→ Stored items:
__________________________________________________
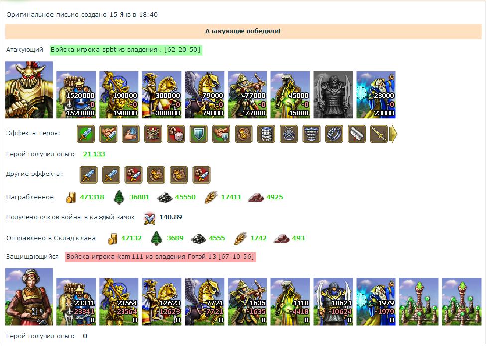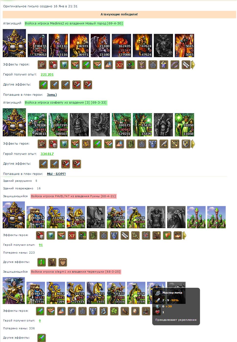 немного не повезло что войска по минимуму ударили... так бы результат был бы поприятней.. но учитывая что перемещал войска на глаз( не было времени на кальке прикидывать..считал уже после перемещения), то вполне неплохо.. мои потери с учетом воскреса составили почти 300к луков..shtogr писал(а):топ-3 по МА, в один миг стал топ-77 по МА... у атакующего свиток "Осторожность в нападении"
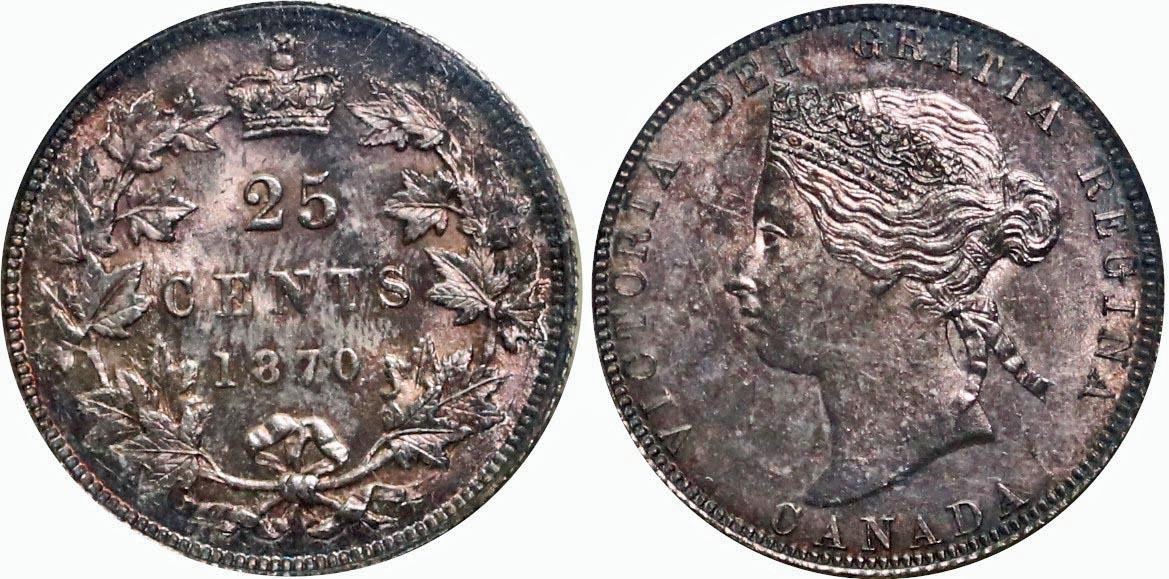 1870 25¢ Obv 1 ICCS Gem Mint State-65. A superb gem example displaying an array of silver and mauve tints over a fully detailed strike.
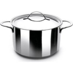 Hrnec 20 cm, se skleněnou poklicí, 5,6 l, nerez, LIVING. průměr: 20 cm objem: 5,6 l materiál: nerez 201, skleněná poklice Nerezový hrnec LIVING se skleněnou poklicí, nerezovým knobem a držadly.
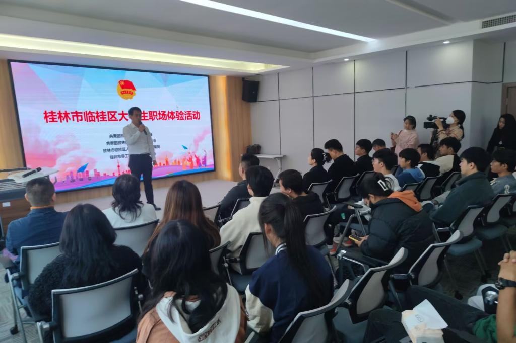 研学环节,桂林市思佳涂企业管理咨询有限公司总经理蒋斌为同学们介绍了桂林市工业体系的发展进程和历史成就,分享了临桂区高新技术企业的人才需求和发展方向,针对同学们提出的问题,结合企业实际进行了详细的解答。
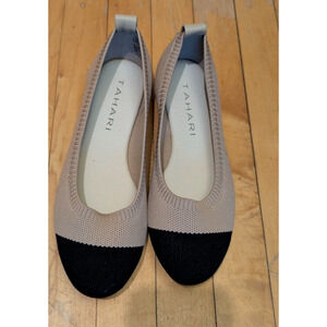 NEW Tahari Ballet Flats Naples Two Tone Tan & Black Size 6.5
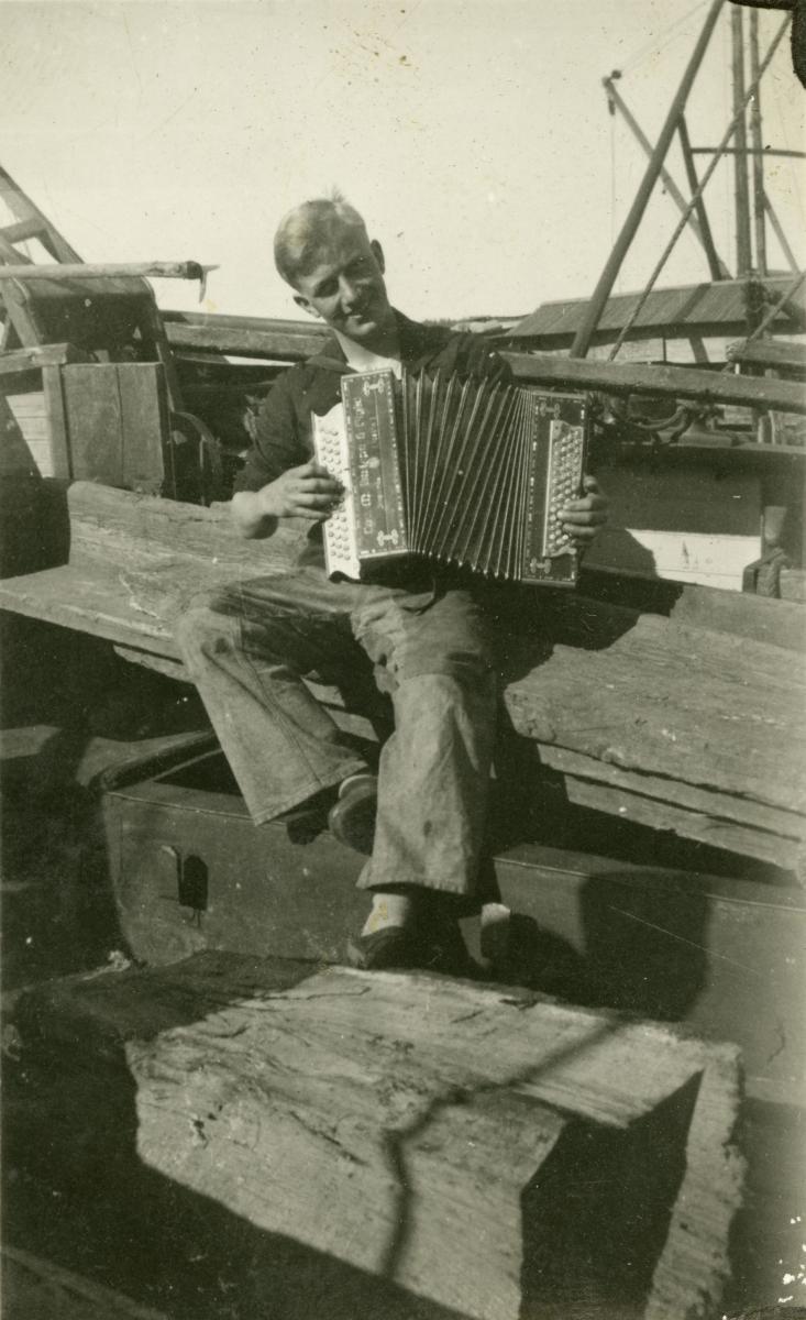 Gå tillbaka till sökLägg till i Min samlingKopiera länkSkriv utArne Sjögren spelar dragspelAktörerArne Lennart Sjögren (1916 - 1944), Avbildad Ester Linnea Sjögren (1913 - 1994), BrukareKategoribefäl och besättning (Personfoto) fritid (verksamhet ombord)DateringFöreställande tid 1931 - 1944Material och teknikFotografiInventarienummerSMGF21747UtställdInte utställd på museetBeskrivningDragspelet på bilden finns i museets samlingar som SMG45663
__________________________________________________
→ Your assignment: Copy the lines of the records, beginning where the line containing "Hrnec 20 cm, se" appears and continuing through the final line, exactly and with no pictures.

→ Solution:
 Hrnec 20 cm, se skleněnou poklicí, 5,6 l, nerez, LIVING. průměr: 20 cm objem: 5,6 l materiál: nerez 201, skleněná poklice Nerezový hrnec LIVING se skleněnou poklicí, nerezovým knobem a držadly.
 研学环节,桂林市思佳涂企业管理咨询有限公司总经理蒋斌为同学们介绍了桂林市工业体系的发展进程和历史成就,分享了临桂区高新技术企业的人才需求和发展方向,针对同学们提出的问题,结合企业实际进行了详细的解答。
 NEW Tahari Ballet Flats Naples Two Tone Tan & Black Size 6.5
 Gå tillbaka till sökLägg till i Min samlingKopiera länkSkriv utArne Sjögren spelar dragspelAktörerArne Lennart Sjögren (1916 - 1944), Avbildad Ester Linnea Sjögren (1913 - 1994), BrukareKategoribefäl och besättning (Personfoto) fritid (verksamhet ombord)DateringFöreställande tid 1931 - 1944Material och teknikFotografiInventarienummerSMGF21747UtställdInte utställd på museetBeskrivningDragspelet på bilden finns i museets samlingar som SMG45663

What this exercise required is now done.